Second, examination by the midwife: it is stated that a second midwife scrutinised blindly the records of all the 44 cases that were originally classified as affected and a random sample of 120 classified as unaffected (in total, 164 birth records). The inter-record agreement is recorded as being excellent (0.95). This assessment constitutes the only appraisal of a mixed group of records previously classified as with and without signs of asphyxia. In that within this group it suggests that 7 or 8 cases (5%) out of 164 would have been re-classified it reveals a relevant rate of error. It is not clear at what stage (whether before or after completion of the study or submission and review of the paper) this assessment was carried out. No reliability study on an unselected sample of the original series of case notes was conducted.


The conclusion that “signs of asphyxia at birth are associated with an increased risk of schizophrenia” that Dalman et al draw is subject to the following reservations. First, two possible sources of observer bias (copying of sections of case records by a non-blind observer, and a possible order effect in the assessment of records) have not been eliminated. Second, responsibility for blindness of key assessments has not been acknowledged by co-authorship of the workers involved. Third, the reliability with which asphyxia was detected in retrospectively scrutinised case notes that lacked Apgar ratings has not been established.

The paper by Thomas et al (2001, this issue) on the same data-set casts the conclusions of Dalman et al in doubt. Across a range of obstetric complications (including complications of delivery, eclampsia, and low birth weight) no differences between cases and controls were detected, whether in the group as a whole or (as the authors emphasise) in subgroups identified by gender or age of onset. Asphyxia (assessed as described in Dalman et al) stands out as the sole correlate of schizophrenia. Yet Table 2 of Thomas et al indicates that abnormalities of foetal heart rate (<100 or >160 b.p.m.), a quantifiable component of the Apgar score, did not distinguish cases from controls in any of the subgroups examined. In other words, the heart rate was unchanged in the cases the authors judged to be asphyxiated at birth.

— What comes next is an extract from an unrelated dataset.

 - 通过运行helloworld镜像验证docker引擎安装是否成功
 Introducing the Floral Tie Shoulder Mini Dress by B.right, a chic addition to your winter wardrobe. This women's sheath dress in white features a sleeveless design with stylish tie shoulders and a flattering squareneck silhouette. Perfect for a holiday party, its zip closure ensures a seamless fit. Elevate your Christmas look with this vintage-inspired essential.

Two recent case—control studies cast doubt on the pathogenic influence of asphyxia that Dalman et al claim to have detected. Kendell et al (2000) found no evidence that an Apgar score of <7 distinguished the birth records of 156 cases of schizophrenia from 156 matched controls (nor did the Apgar score distinguish cases from controls in their study of 217 probands with affective psychoses; Bain et al, 2000). Byrne et al (2000) found that the assessments of ‘incubator/resuscitation/blue’ and ‘ asphyxiation’, both of which would appear to have qualified a case for the category of ‘asphyxia’ as defined by Dalman et al, did not distinguish 431 individuals with schizophrenia from 431 gender-matched controls. Both the studies of Kendell et al and of Byrne et al drew negative conclusions regarding the role of a range of labour and delivery complications in the aetiology of schizophrenia. The negative findings of Thomas et al add to this consensus, while the positive claims regarding asphyxia of Dalman et al stand in contrast to other recent studies and may be attributable to observer bias.